Next year marks a bicentennial of sorts. Scholars point to 1817 as the end of the industrial sabotage carried out under the banner of the Luddite movement. It had all started in 1811, when English textile workers rebelled against factory owners who introduced technology which the laborers saw as a threat to their livelihoods. During the peak of the violence, machinery was smashed, mill owners were assassinated and Luddites hanged in reprisal, and the regular British army was called in to crush the revolt.
The origins of the name Luddite are obscure, but may trace back some 30 years earlier to one Ned Ludd who, upon being provoked by a tiresome boss, took a hammer to a couple of knitting machines. Thus his name became forever linked with those ‘destroyers of machines.’ Today the name lives on, but might be more aptly characterized as ‘distrusters of machines.’

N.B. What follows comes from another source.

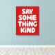 Esta design apresenta uma frase encorajando alguém a dizer algo gentil.
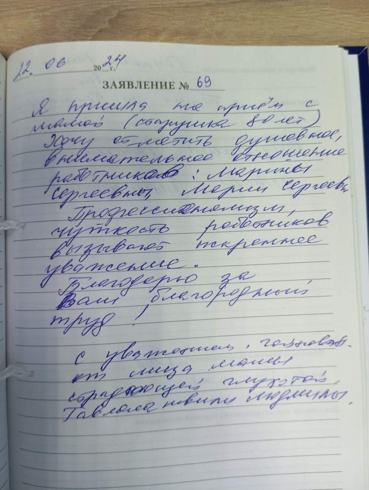 Я пришла на приём с мамой (старушка 80 лет). Хочу отметить душевное, внимательное отношение работников: Марины Сергеевны, Марии Сергеевны. Профессионализм, чуткость работников вызывают искреннее уважение.

Luddites were one of many labor movements that rose up in response to the Industrial Revolution. It’s doubtful whether the original Luddites were actually afraid of technology per se. In today’s parlance, however, the name has been appropriated to apply – derogatorily, and somewhat inaccurately – to anyone who rejects technology. In other words, a technophobe.
Last spring, the prestigious Massachusetts Institute of Technology issued its annual list of Ten Breakthrough Technologies of 2016, and some of these developments might cause even the most ardent Luddite to reconsider. Among the most interesting contenders; genetically engineered immune cells to combat cancers, reusable space rockets, and natural speech recognition software so we can talk to machines more intuitively.
Robotics that learn from one another are high on the list, as are self-driving cars. Power solutions run the gamut from the huge – a plant in Buffalo, NY, that’s meant to manufacture a gigawatt’s worth of solar panels every year – to the micro – a method of self-powering small Internet-connected devices just by harvesting energy from existing TV, radio or WiFi signals.
Slack is an interoffice messaging application. Unlike previous chat or collaboration tools, Slack channels messages into streams that allow everyone who works together to ‘overhear’ conversations about projects or initiatives, thereby keeping more of the team ‘in the loop.’ Messages on Slack tend to be short, more like mobile text messages so the application feels more immediate and effortless.
The most fascinating part of MIT’s list is that all these breakthroughs are either reality now or could be within the next year or two. Of course some will fall by the wayside, supplanted by as-yet-unimagined, but superior, technologies or unforeseen market demands. But others could be with us for a long time, fundamentally changing the way we live.
So the next time you’re tempted to chuck your ailing smartphone out the window, or, like Ned Ludd, take a hammer to your laptop, remember: The next big thing is always just around the corner.
And it may be better than anything you can imagine.